Navajo Nation President Jonathan Nez holds a letter from a Navajo household while distributing food, water and other products on May 27, on the Navajo Nation Reservation in New Mexico.

Sharon Chischilly/Getty Images

Its a turning point in its battle versus the infection. Navajo Nation President Jonathan Nez associates that to Navajo leaders and people observing the recommendations of public health authorities.

Nez informs All Things Considered that the Navajo Nation has actually offered 99,000 residents COVID-19 tests– thats more than 50% of its total population. There have had to do with 10,000 positive cases.

A few new cases have appeared on the Navajo Nation considering that last week, when it reported a 24-hour period with no. In May, its per capita infection rate was among the greatest in the nation.

Here are excerpts of their discussion.

Previously this year, the Navajo Nation Reservation was a significant location for coronavirus cases. Now, its seen a day without a single positive case.

“We took one step more, putting those recommendations into public health emergency orders, making them law.”

Do you understand what made the Navajo Nation so susceptible to COVID-19?

And one of our strengths here on the Navajo Nation is that we like to be in multigenerational houses. And when the infection came here onto the Navajo Nation, it took off like wildfire and numerous families were contaminated within the same family.

Early on we didnt have contact tracers, we didnt understand much about this virus. Now with individuals examining … and isolating and quarantining people in their neighborhoods has actually helped to reduce the spread here on the Navajo Nation.
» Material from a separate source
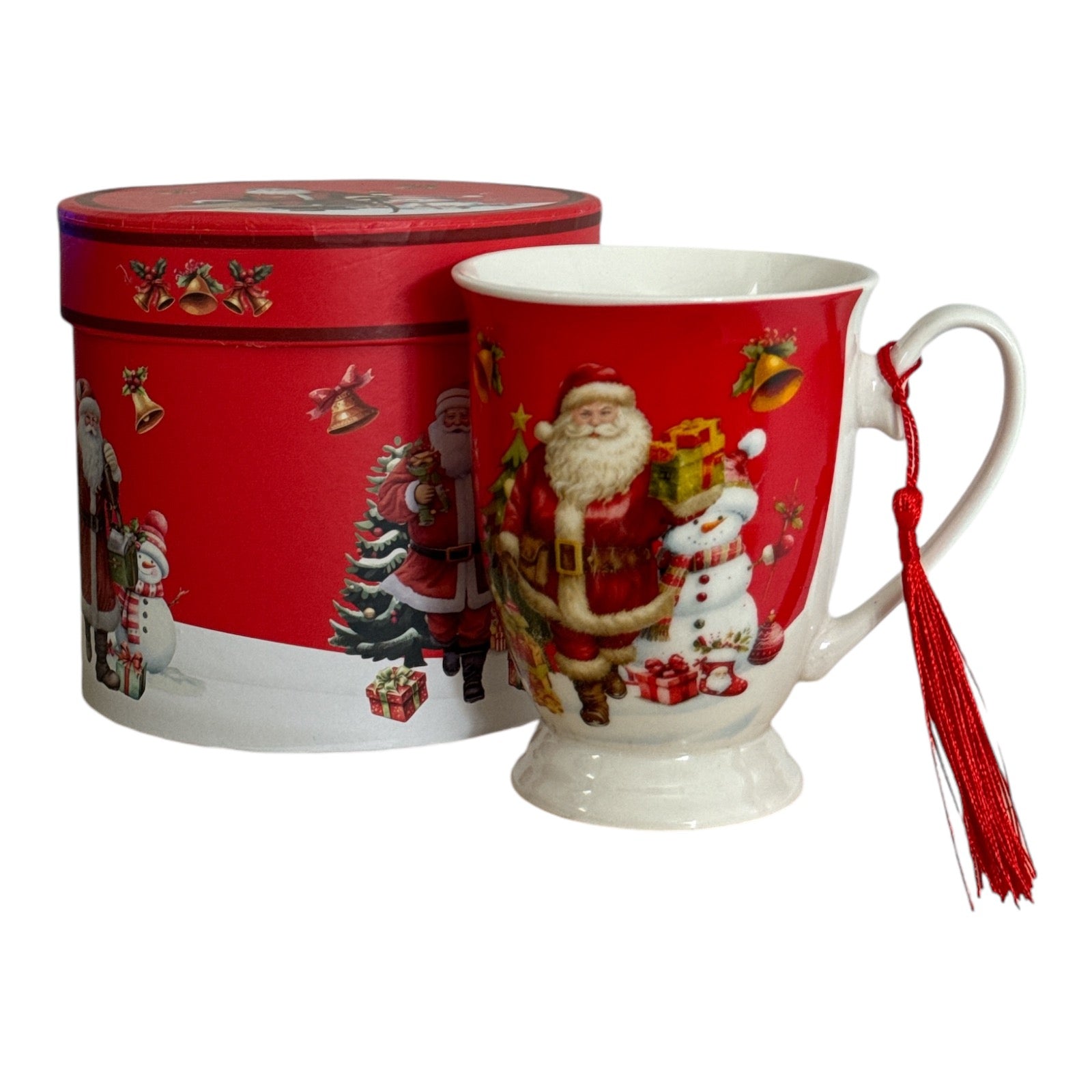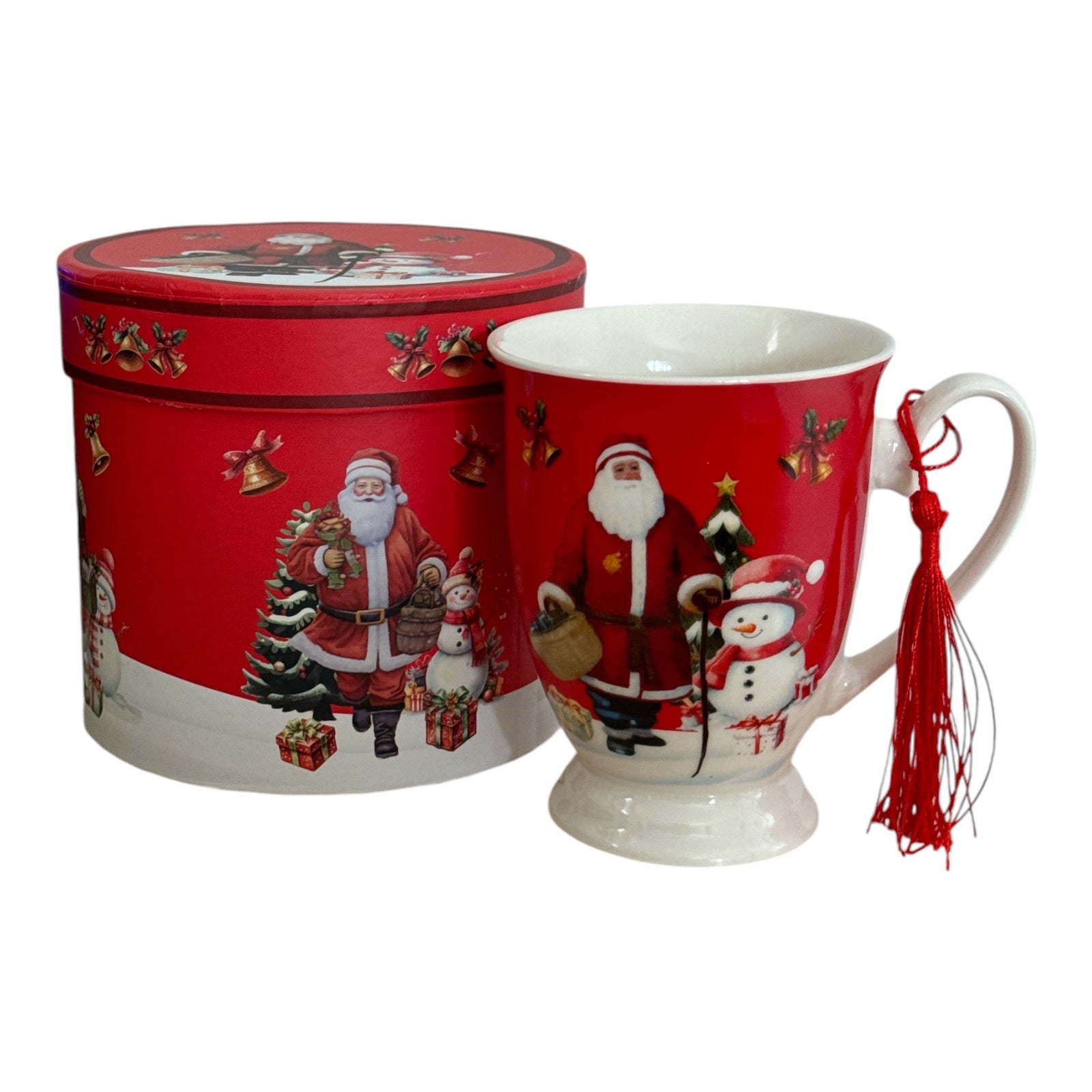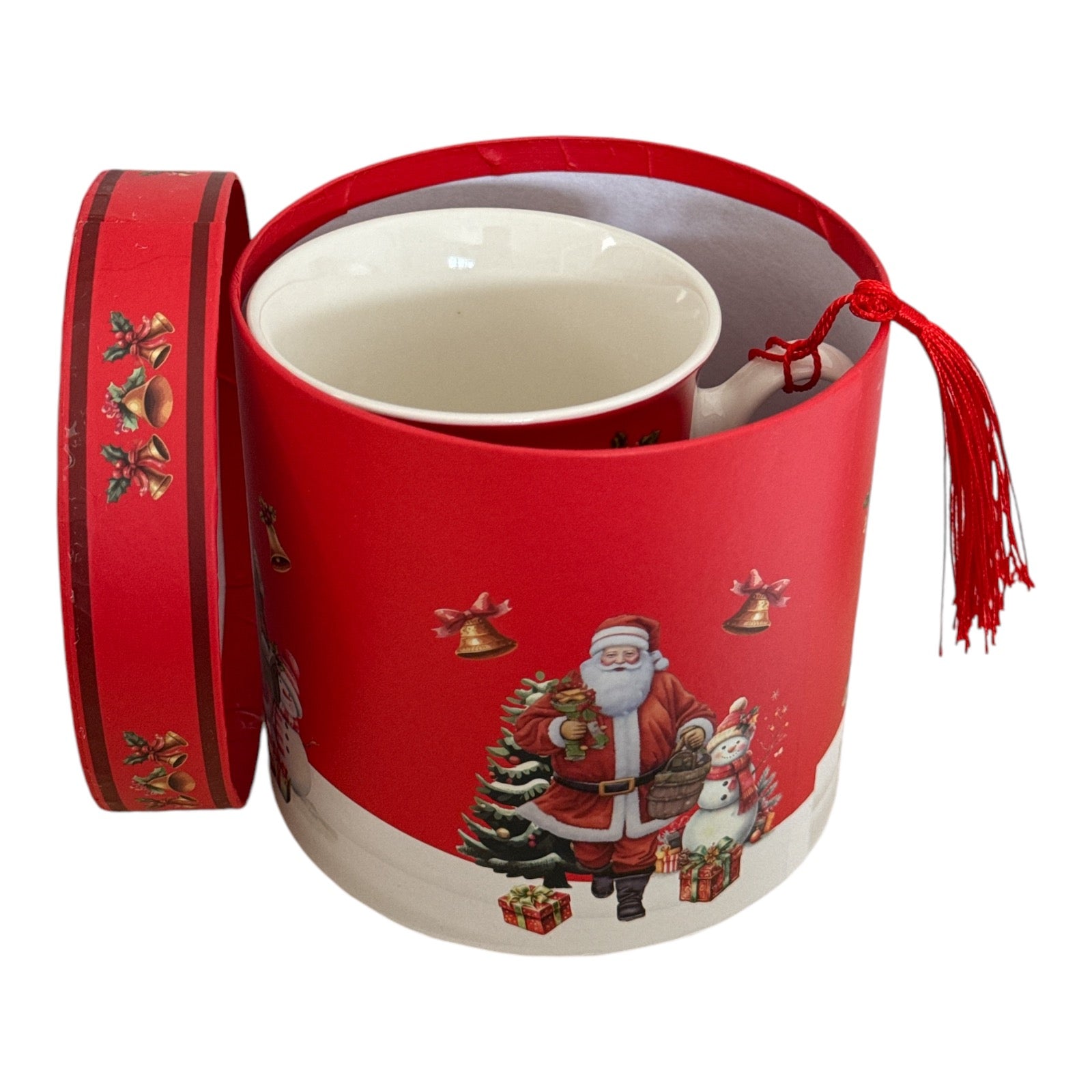 Setul este format dintr-o cană cu ciucure și vine ambalat într-o cutie elegantă de cadou rotundă specifică Sărbătorilor de iarnă.
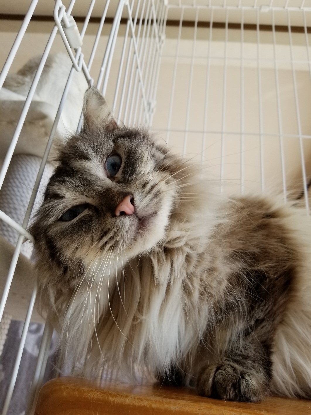 新しいおうちのゲージの中でクンクン探索中。

Now we have a law stating that any visitor that comes on the Navajo Nation should traverse through as rapidly as possible and our tourism economy has gotten hit hard. … We live in one of the most lovely places in the United States, but the very first thing is the health and well-being of our Navajo residents.

Do you have advice for communities that are combating increasing COVID numbers?

Lauren Hodges and Patrick Jarenwattananon modified and produced this story for broadcast. Heidi Glenn adapted it for the Web.

Listen to your public health professionals. I wish lots of leaders throughout this country would do that all the way up to the White House– you understand, using masks. If youre informing your individuals to do something, you d better be doing it yourself.

Now we have a law stating that any visitor that comes on the Navajo Nation should traverse through as rapidly as possible and our tourism economy has actually gotten hit hard. … We live in one of the most beautiful places in the United States, however the first thing is the health and wellness of our Navajo citizens.

“We took one action more, putting those suggestions into public health emergency situation orders, making them law.”

And one of our strengths here on the Navajo Nation is that we like to be in multigenerational homes. And when the virus came here onto the Navajo Nation, it took off like wildfire and lots of families were contaminated within the very same household.